In the vacuum of information caused by not having National Nutrition Survey data, health researchers and food companies are left with a patchwork of information about what and how Kiwis are eating.
“The only up-to-date data we have is from individual studies,” says the Food and Grocery Council’s Raewyn Bleakley, “but these have their limitations as they are not nationally representative. We can also look at sales data, but again, it’s not a complete dataset or an accurate measure of individuals’ consumption. And it lacks the detail about how something is consumed.
“For example, we may know people eat potatoes or quinoa, but not who’s eating it, or how it is prepared.”
Glimpses of our diets are provided by the Ministry of Health’s New Zealand Health Survey – though this is broad strokes only and doesn’t cover all foods. Then there’s the Growing Up in New Zealand study, which covers one cohort over their lifetimes. It’s useful up to a point, says Clare Wall, head of the University of Auckland’s school of medical sciences.
“It’s okay for looking at food groups and looking at adherence to the food groups, but it’s no good for looking at nutritional status or nutrient intake.”

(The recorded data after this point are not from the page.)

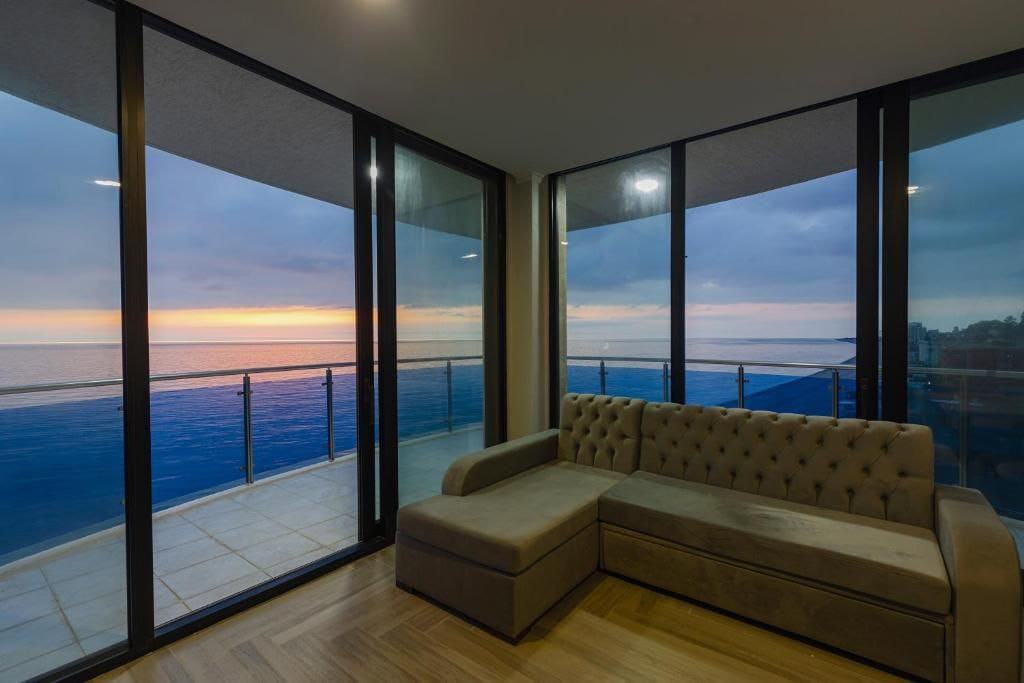 Brand new apartment located right on the Beachfront, underneath of Mountains. All room have balconies with a fantastic sea view, plenty of light and space. Apartment has Equipped kitchen , 2 bedrooms ( one with double and one with 2 single beds), 1 living room with a convertible sofa. High speed free WiFi, flat screen Cable TV, Washing and Drying machine, Air conditioning, Heating for all year stay. Free parking, market, kids playground, billiard and restaurant are available on the ground level.
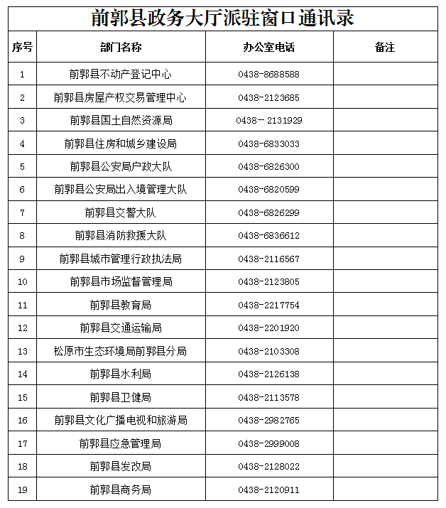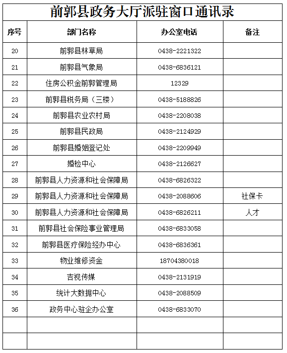 前郭縣政務(wù)大廳派駐單位業(yè)務(wù)咨詢電話
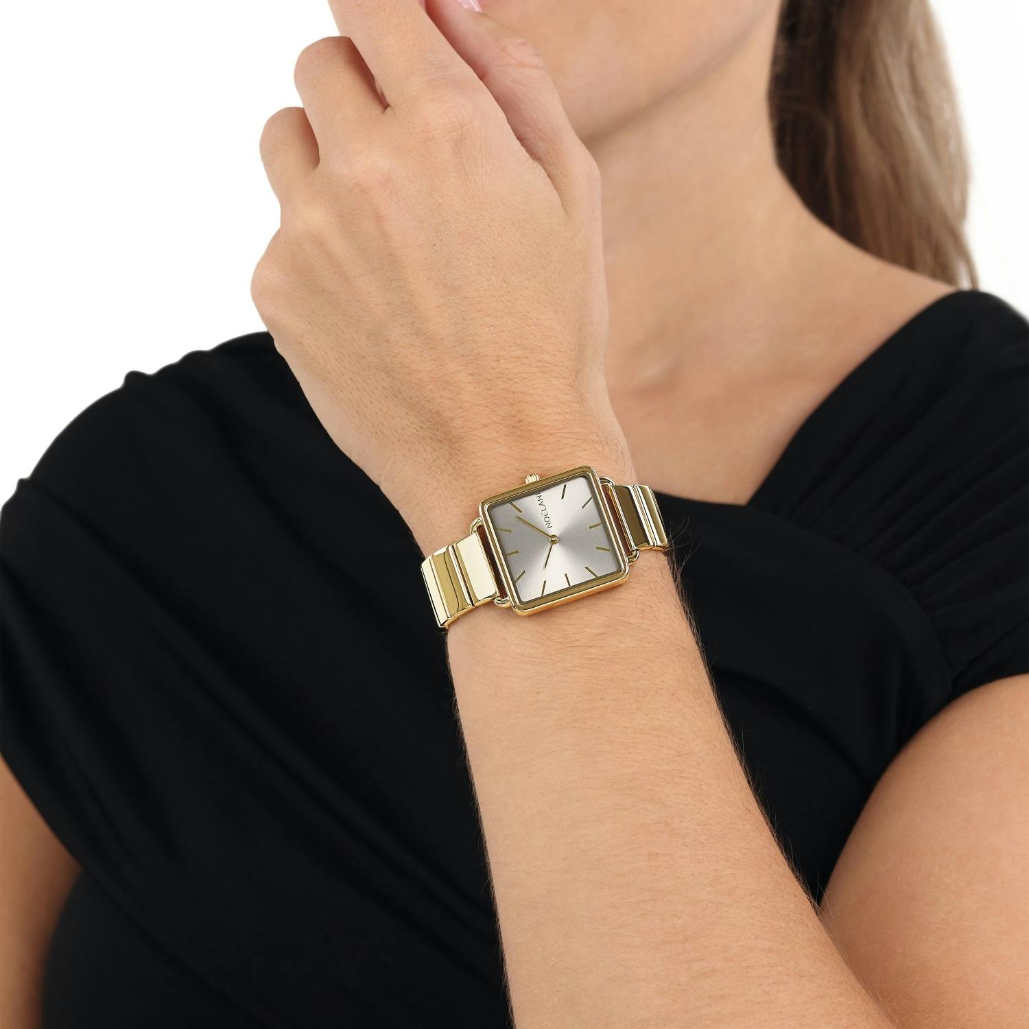 Diese NOELANI Damen Uhr ist das perfekte Accessoire für alle, die es chic und modern zugleich mögen. Die Kombination aus Glieder-Armband und einem Zifferblatt sorgt für einen zeitlosen Look, der sich frei kombinieren lässt. Entdecke hierzu unsere vielfältige Armketten Kollektion und matche deinen Auftritt! Die Uhr bis auf 3 Bar wasserdicht und wird in einer Schatulle geliefert.

Wall notes ad hoc projects are going on all the time, including student research “that might be quite useful. But they’re not robust enough to be an evidence base to inform a [healthy eating] guideline.”
Useful snapshots come from industry-led research, too. They include:
■ Snacking instead of meals is popular. According to its 2024 State of Snacking report, food giant Mondelēz International found more than a quarter of New Zealanders (27%) said they preferred to skip breakfast in favour of a snack, rising to 40% of Gen Z (aged18-26). Almost half of this age group also preferred a late-night snack to having an evening meal.

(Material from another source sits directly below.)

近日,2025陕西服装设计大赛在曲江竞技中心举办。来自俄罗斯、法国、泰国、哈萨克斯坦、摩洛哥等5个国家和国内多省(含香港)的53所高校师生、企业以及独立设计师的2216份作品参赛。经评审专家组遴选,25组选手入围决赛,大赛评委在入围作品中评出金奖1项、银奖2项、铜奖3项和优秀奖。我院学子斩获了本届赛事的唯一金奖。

■ Our takeaway behaviour has changed as food deliveries became popular. Uber Eats says it has fulfilled 70 million food orders in 10 years of operation in New Zealand. The food delivery app now operates in 29 centres. In 2019, a Christchurch kebab shop’s “meat on chips” topped the rankings of the most-ordered late-night dish.
■ We’re not eating enough veges. According to the 2023/24 New Zealand Health Survey, just one in 11 adults (9.1%) ate the recommended daily amount of vegetables (5-6 servings, depending on age and gender). We’re doing better on fruit: just under half of us manage two serves of fruit a day.
■ We may have reached “peak meat”. Meat consumption may be on the way down, according to a 2021 report by AgResearch and Lincoln University. The study found that, on average, each New Zealander ate 75.2kg of meat (including chicken) in 2019, down from 86.7kg in 2000. We were eating less beef and lamb in favour of more chicken and pork.